In Todays New York Times Court Dismisses Rendition Suit
By ALAN FEUER
Published: July 1, 2008
A federal appeals court on Monday dismissed a lawsuit filed by a Syrian-born Canadian man who had accused the United States of violating the law and his civil rights after he was detained at Kennedy Airport and sent to Syria under what he claims was an act of "extraordinary rendition."
Such is the status of the courts and justice in the United States, that Kennedy Airport is the equivalent of Guantanemo, technically speaking.
The man, Maher Arar, tried to win civil damages from United States officials in his suit, but the United States Court of Appeals for the Second Circuit in New York ruled that because he was never technically inside the United States, his claims could not be heard in the federal courts.
I don't know what precedent was used, perhaps that Tom Hanks movie "The Terminal"?
Mr. Arar was held "several days" in New York, presumably he ate food prepared in New York, used the New York plumbing facilities on more than one occasion. All told, there were probably thousands of dollars expended by various agencies during those "several days", fuel, long distance travel, during negotiations with Syria.
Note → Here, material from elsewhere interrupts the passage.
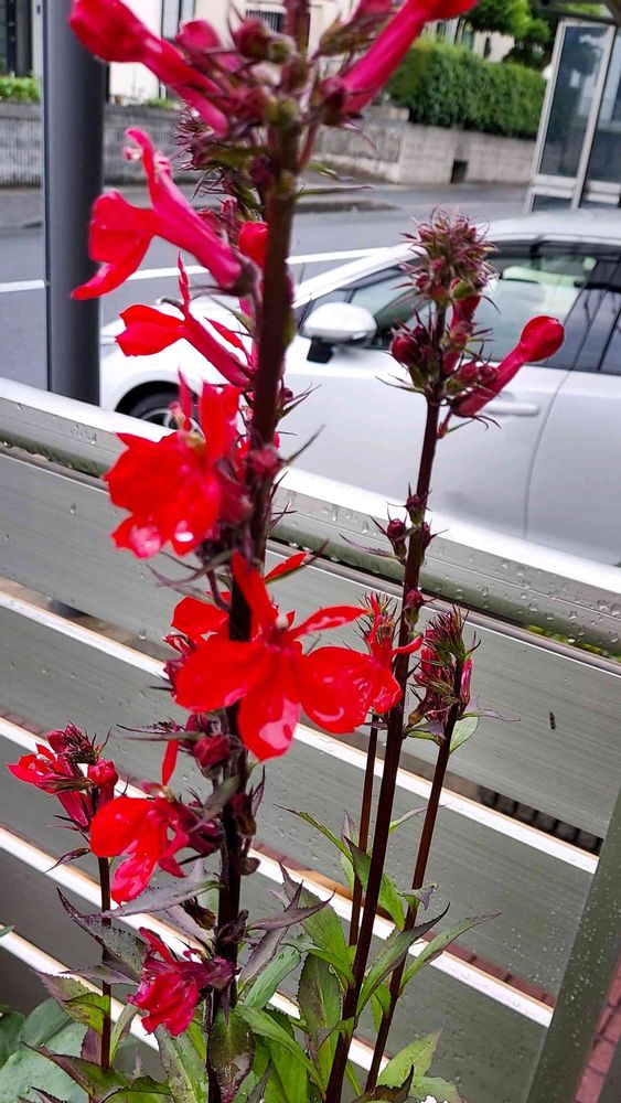 シュッと、花茎を伸ばして見事な真っ赤なお花、ガウラに似た蝶のようなお花。
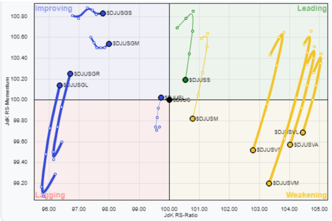 Il breadth del mercato infatti è ancora debole, anche se in miglioramento. Bene l’allargamento della leadership all’interno del settore sanitario (in particolare nell’industria biotech), e la tenuta dell’industria del solare e degli EV.

While stating that "threats to the nation’s security do not allow us to jettison principles of ‘simple justice and fair dealing,’ " the majority opinion ruled nonetheless that Mr. Arar, who had been seized as he tried to change planes at Kennedy Airport while flying back to Canada from Switzerland, had no federal standing in his case and that the government did not violate the Torture Victim Protection Act by sending him abroad.
Mr. Arar, a telecommunications engineer, was detained at the airport in September 2002 when immigration officers found his name on a terrorist watch list. After being held for several days in New York, he was sent to Jordan by immigration officers and turned over to Syrian intelligence, which, he claims, tortured him.
But none of that was really happening in the United States, in a strict technical sense.
Oh, and there was ONE dissenting opinion
In an occasionally scathing dissent, one judge, Robert D. Sack, said Mr. Arar’s suit should have been able to proceed because the argument that he was never really in the United States was "a legal fiction."
"Arar was, in effect, abducted while attempting to transit at J.F.K. Airport," Judge Sack wrote.
In a
March 30, 2005 NYT article by Scott Shane it appears New Jersey, somewhere near Washington, and I presume Bangor, Maine would be on shaky terms, re: what country they belong to.
In papers filed in a New York court replying to Mr. Arar's lawsuit, Justice Department lawyers say the case was not one of rendition but of deportation. They say Mr. Arar was deported to Syria based on secret information that he was a member of Al Qaeda, an accusation he denies.
The discovery of the aircraft, in a database compiled from Federal Aviation Agency records, appears to corroborate part of the story Mr. Arar has told many times since his release in 2003. The records show that a Gulfstream III jet, tail number N829MG, followed a flight path matching the route he described. The flight, hopscotching from New Jersey to an airport near Washington to Maine to Rome and beyond, took place on Oct. 8, 2002, the day after Mr. Arar's deportation order was signed.